-- BRIEF --
Locate the line that contains "Made of high-quality". Retype it and every line after it to the end of the records, exactly, but not the pictures.

Dataset items:
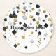 Posavasos Redondo De Papel Black Gold Happy New Year Confetti
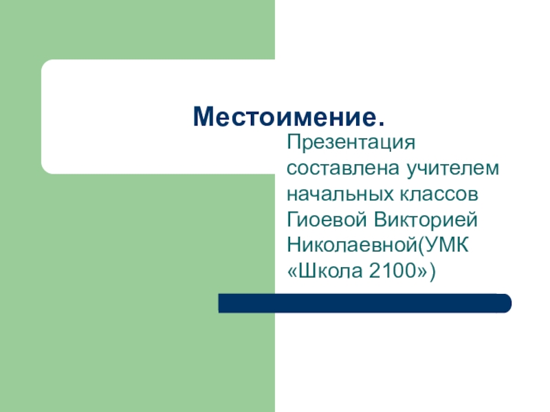 Презентация составлена учителем начальных классов Гиоевой Викторией Николаевной(УМК «Школа 2100»)Местоимение.
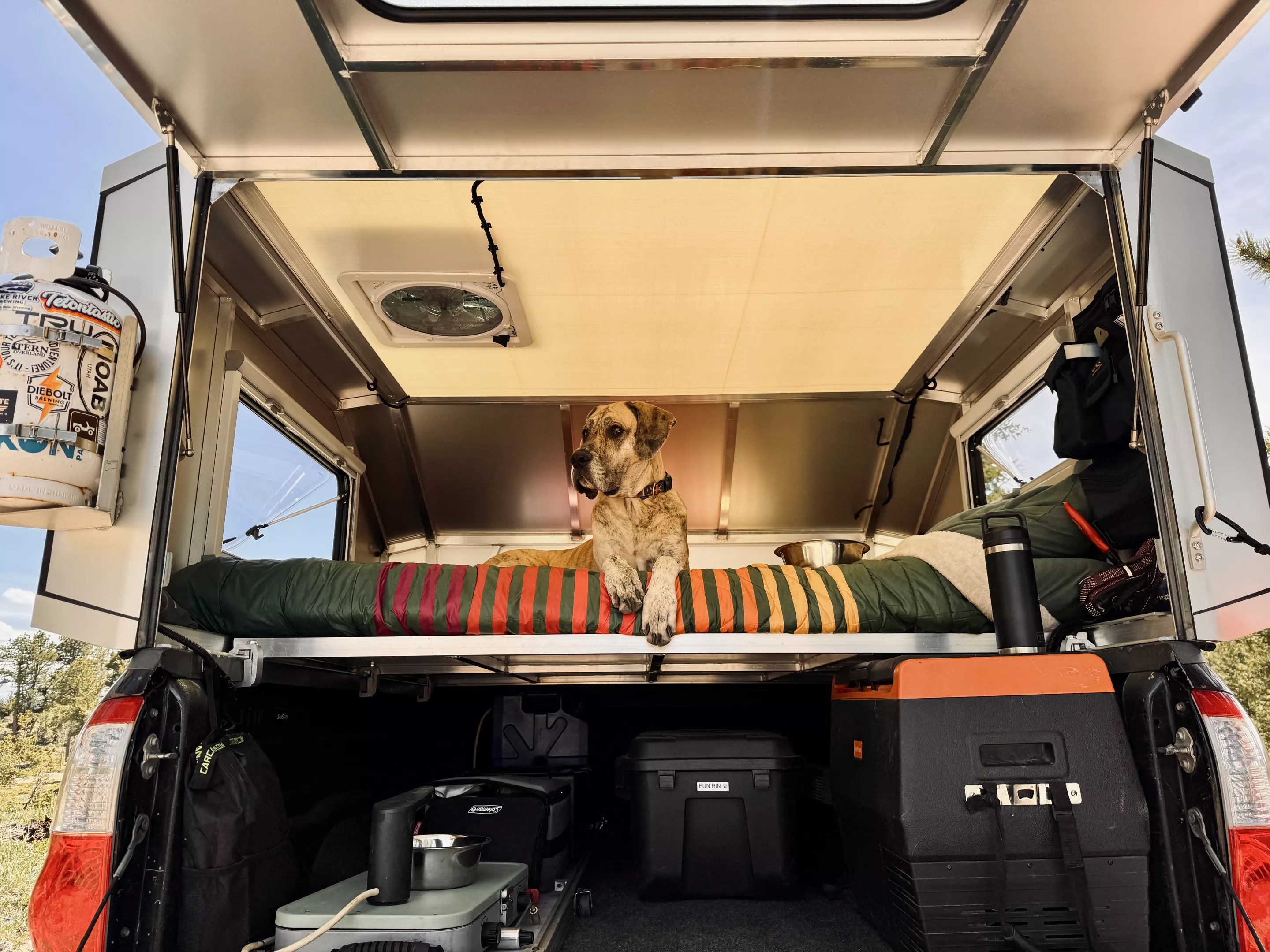 MoonLander is built to the exact truck model size and runs the entire length of the truck bed. It’s designed to be lightweight. The total weight will depend on your option configuration. As one of the lightest truck-bed campers on the market, MoonLander drives like a topper, not a camper. The two lofted bed panels are removable, making room to haul gear and supplies. The design is also aerodynamic, minimally impacting highway gas mileage.
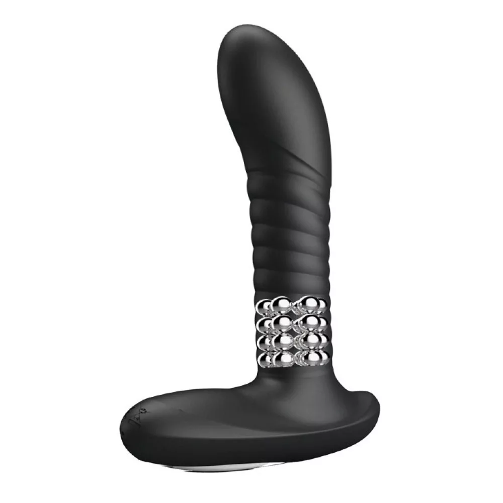 Made of high-quality material, anatomically perfectly shaped, with memory function, vibrator for prostate and perineum massager, with an ideal curved design, twelve vibrations, three rotation functions, and a widening base for safe penetration.
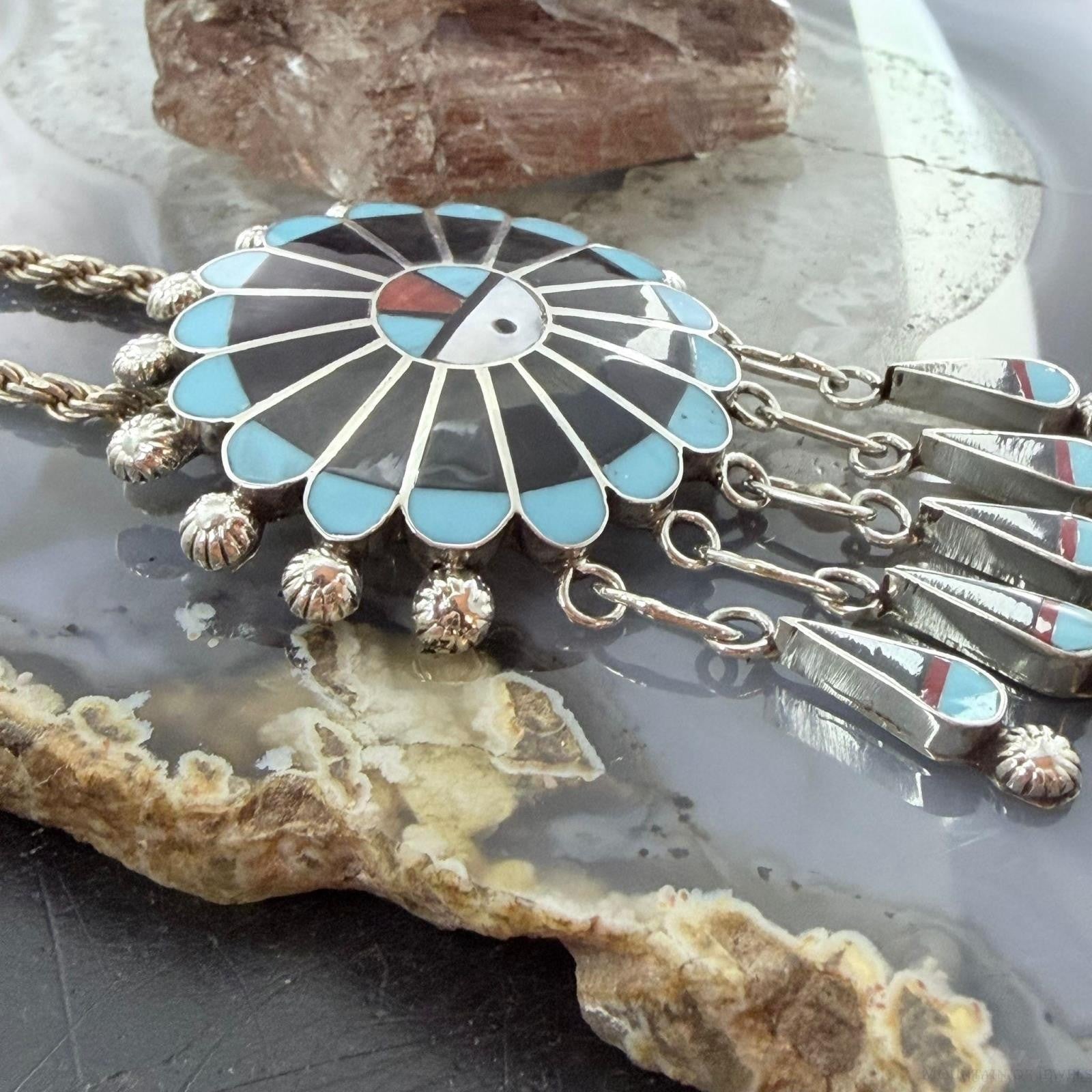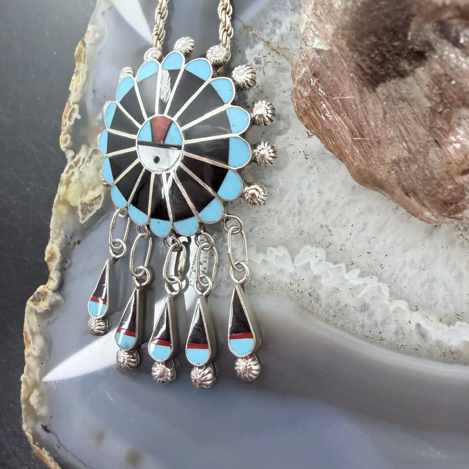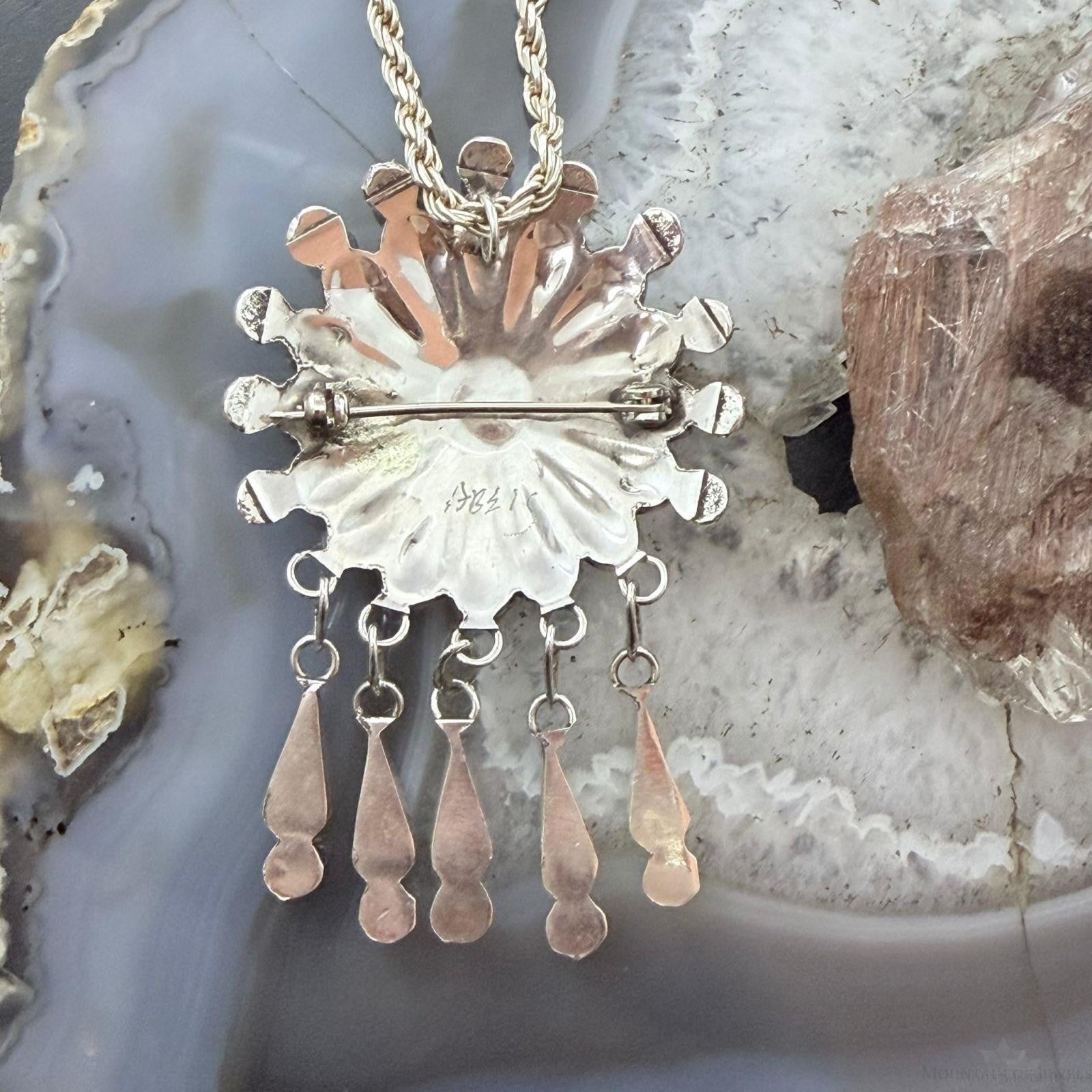 Abel Soseeah Native American Sterling Silver Zuni Inlay Sunface Pendant/Brooch For Women
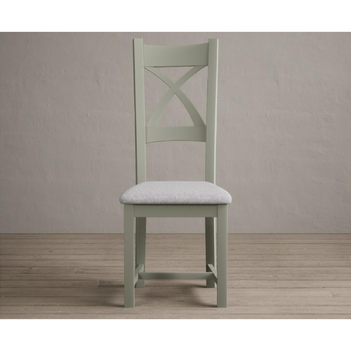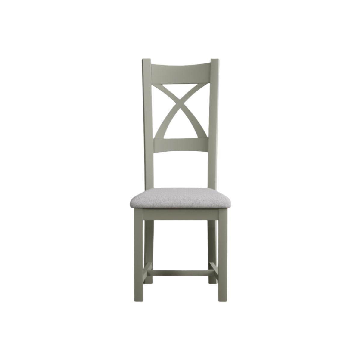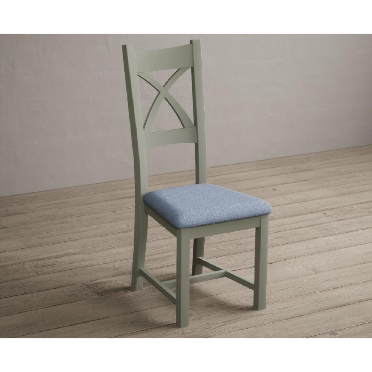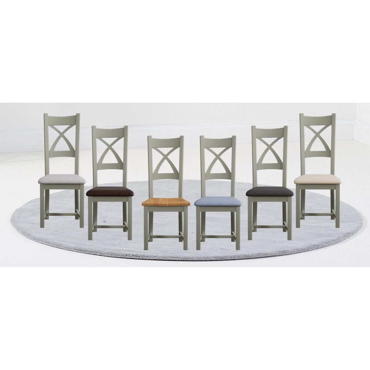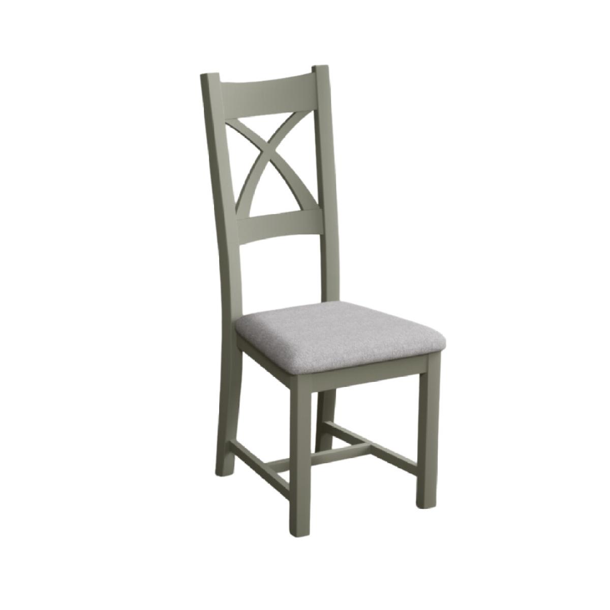 The Painted Soft Green X Back Dining Chairs with Light Grey Fabric Seat Pad feature a soft green painted solid hardwood frame and comfortable light grey fabric seat.

-- EXERCISE RESULT --
 Made of high-quality material, anatomically perfectly shaped, with memory function, vibrator for prostate and perineum massager, with an ideal curved design, twelve vibrations, three rotation functions, and a widening base for safe penetration.
 Abel Soseeah Native American Sterling Silver Zuni Inlay Sunface Pendant/Brooch For Women
 The Painted Soft Green X Back Dining Chairs with Light Grey Fabric Seat Pad feature a soft green painted solid hardwood frame and comfortable light grey fabric seat.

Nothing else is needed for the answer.